Honest John put up a good performance to win a two-and-a-half-mile handicap hurdle at Southwell on Tuesday. After winning the battle with Echo Point for the early lead, he settled into a nice rhythm for Andrew Glassonbury. Kicking clear at the fourth last, he soon had the race put to bed, and a mistake at the second last was the only real worry that his supporters had from that point on.

Steve Gollings’s gelding shaped like a real stayer last season as a novice, putting up his best performance when he beat Gee Dee Nen in a three-and-a-quarter-mile hurdle at Catterick in January 2009, but he was disappointing thereafter, albeit when highly tried in races like the Sefton Hurdle at Aintree and the Long Distance Hurdle at Haydock on Swinton Hurdle day. He hadn’t shaped with a great deal of promise this season either before Tuesday, getting well beaten at Market Rasen in November and then looking well beaten also in Sir Harry Ormesher’s void race at Doncaster in December on his previous start. This was much more like it. It was his first run in 73 days, and his first win since that win at Catterick over a year ago.

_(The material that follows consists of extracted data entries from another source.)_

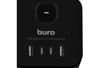 BURO Сетевой разветвитель BU-PW3UC-B (3 розетки) черный (коробка)
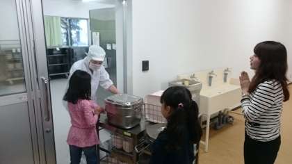 配膳室は、各校舎の1,2階にあります。給食センターからは、トラックですでにクラス毎に食缶などに分けられて積まれてきます。それを配膳員さんたちが、さらにクラス毎に配膳台に分けていきます。このようにして温かくておいしい給食が提供されています。
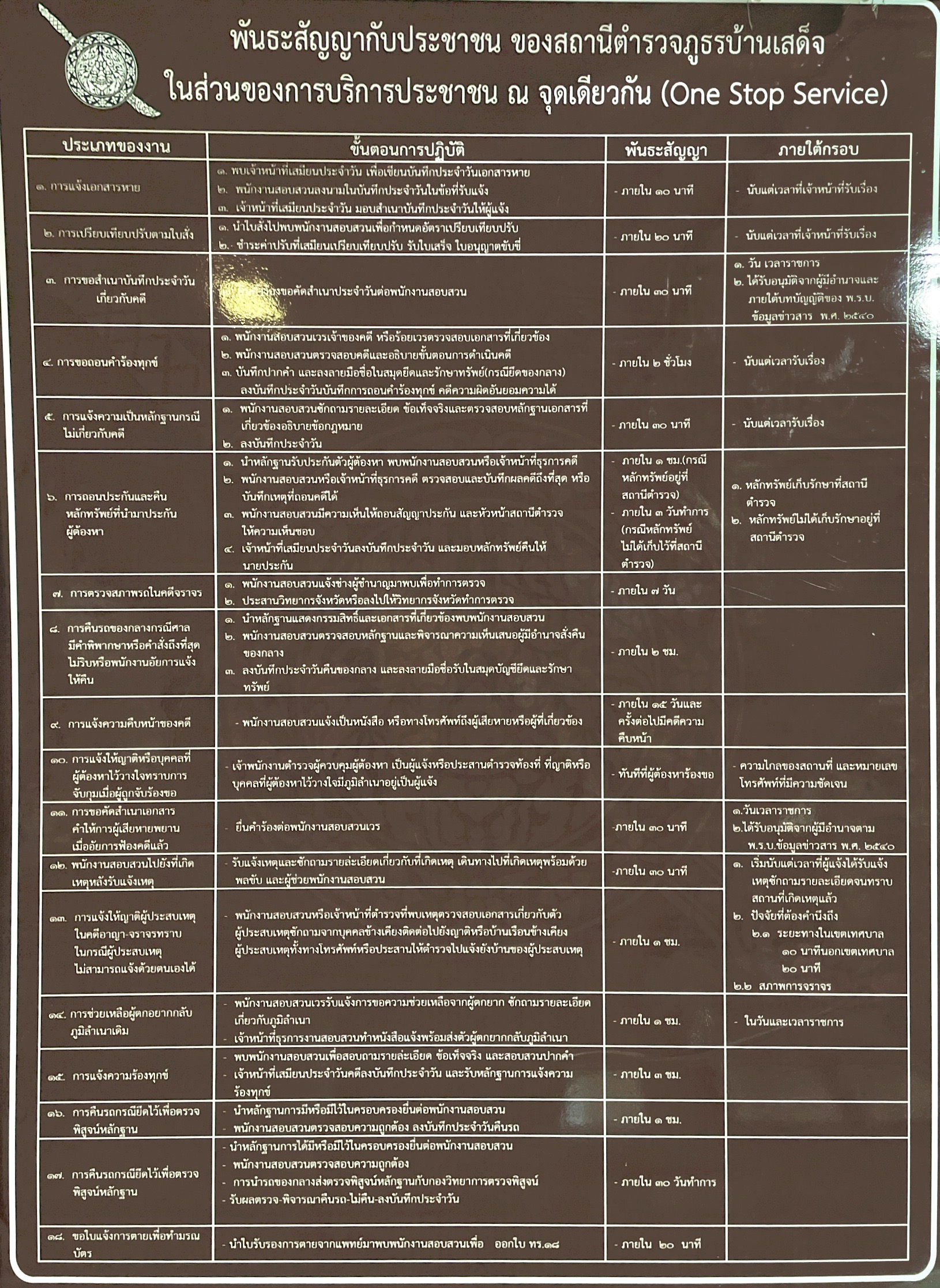 พันธะสัญญากับประชาชน ของ สภ.บ้านเสด็จ
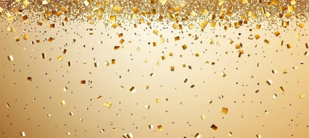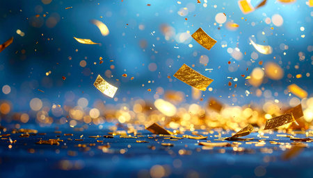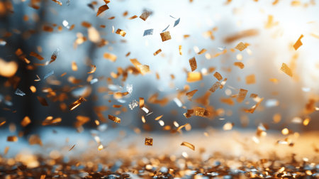A dynamic scene capturing golden confetti cascading through the air during a vibrant celebration, creating an uplifting mood perfect for various festive occasions.

Surprisingly, Honest John is still only six and is relatively lightly-raced, having run just nine times over hurdles to date. This was a huge step up on anything that he had done for a year, and he is interesting again now. His trainer says that he is probably more effective over this trip than he is over three miles, that he has pace, and that may well be the case, as long as he is ridden aggressively like this. He has the two-and-a-half-mile handicap at Aintree in mind for him now, and that makes a lot of sense, Southwell is a left-handed flat track like Aintree and, probably more importantly, Honest John won the Aintree Bumper in 2008 when trained by Tom Tate, when he had the likes of Cape Tribulation and Copper Bleu behind him. He is sure to go up a fair bit from his current mark of 122, but he is potentially a high class individual and he should be able to cope with a decent hike.